その光の中心に、大聖女リディアーヌ・ルミナリアは佇んでいた。
白銀の精糸のような髪が肩から流れ、わずかな風もないのに揺れている。
二十代の若さを思わせる姿だが、その瞳に宿るのは何世代もの祈りを積み重ねた者だけが得る、永遠の静謐。
雪のように白い祭服は闇を拒む結界のようで、冷たいアイスブルーの瞳には、一切の迷いも情動も映らない。

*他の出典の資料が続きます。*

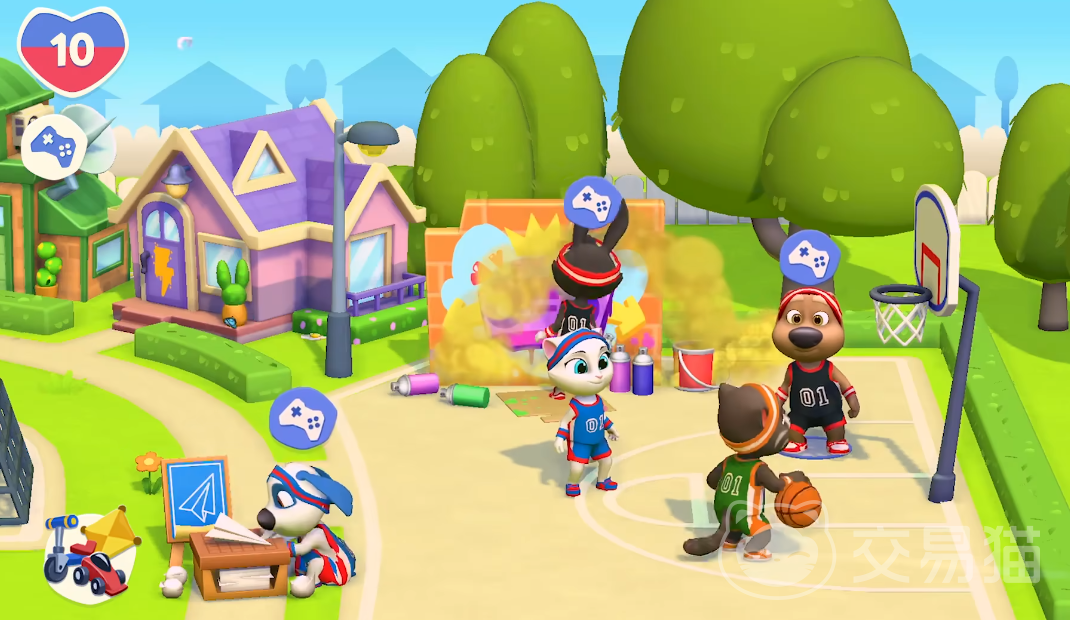 为了增强可玩性,《汤姆猫总动员2》新增了多种小游戏模块。主场景中的泳池区域不仅是角色休闲的热门地点,还支持点击互动,增添趣味。喜欢竞技元素的玩家可以参与篮球投篮挑战,而偏好操作感的则能选择割草机竞速或滑板闯关等模式,让日常养成不再单调。
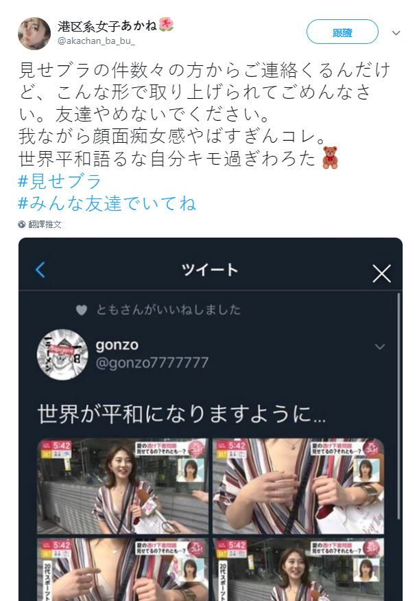 隨著炎炎夏日到來,路上可見不少女性為避暑而穿著布料較少的衣服,似乎也意外成為「路上美景」,近期日本新聞節目《NST Live News it !》就訪問了一位內衣外穿的女路人,該位女路人卻大方回應「希望露多一點,讓世界和平」這番言論在網路上瘋傳,事後女方竟後悔發文稱自己很噁心。
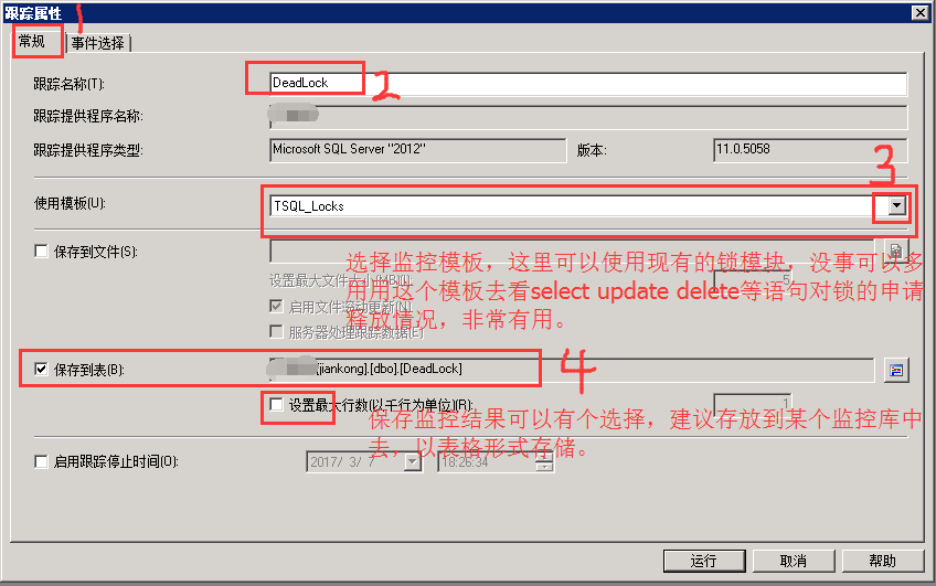 登錄到需要監控的DB實例,填寫相應的跟蹤屬性,首先是<常規>頁面,如下圖。這裡注意2個方面,第一,選擇 <TSQL-Locks>模板,這個模板即可以用來監控死鎖,也可以拿來觀察 鎖申請與釋放情況,非常詳細,有事沒事可以多拿來看SELECT UPDATE DELETE等語句對鎖的申請及釋放情況;第二,監控結果存儲,建議可以存放到某個表格中去,方便定期分析與統計。
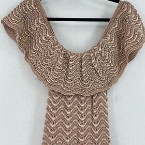 Galeria Tricot Tan White Striped Off The Shoulder Crochet Knit Maxi Dress Small
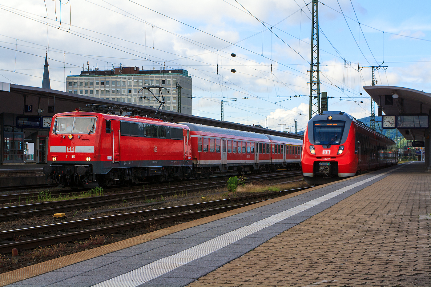 Die 111 104-6 (91 80 6111 104-6 D-DB) am 30.08.2016 mit einem Regionalzug (N-Wagen) im Hbf Heidelberg.

その唇は、神への言葉のみを許されているかのように端正だった。
その彼女の肩に、透き通る翅をした蝶がそっと降り立つ。
誓約霊――“夢喰い蝶”ミルティナ。
『……報告、いたします……』
鈴の音にも似た念話が、彼女の精神へと滑らかに落ちる。
『東の辺境にて、黒の光が発現。……癒しと破壊、両性質を併せ持つ力です』
祈りを捧げていた指先が、わずかに空気を震わせるほど微細に止まった。
「――黒の加護。……星降りの巫女、再び暁へ歩み出すというのですか」
静かでありながら、その声は月光のように鋭い。
決して揺らがないはずの彼女の心に、かすかな探求と緊張が走った。
リディアーヌは壇の上の聖典に手を置き、再びまぶたを閉じる。
「セラフィードよ……。あなたはまた、人に試練を下すのですね」
祈りの光が淡く広がり、祭服の白が星屑のように輝いた。
ミルティナの翅がそっと脈打つ。
「命じます、ミルティナ――影視を発動し、その娘の歩みを追いなさい。彼女が“器”にふさわしき者か……神の御心に照らし、見極めてくるのです」
『……御心のままに、わが主』
蝶は柔らかく光を放ち、粒子となって夜空へ、月と星のあいだを飛び越え、夢の狭間へと吸い込まれるように消えていく。
残された大聖女はひとり、静かに祈りを続けた。
その姿は、夜を見守る月の化身のように、ただ清く、ただ神秘的だった。
――こうして、静かな始まりの刻の裏で。
ひとりの少女の“奇跡”をめぐり、三つの影が動き出した。
灰色の契約と、月下の野獣、そして聖なる審判。
それぞれの意志が交差する先に、どんな運命が待つのか。
そして、そのすべての中心に、黒髪の少女と陽光の王子の“約束”があった。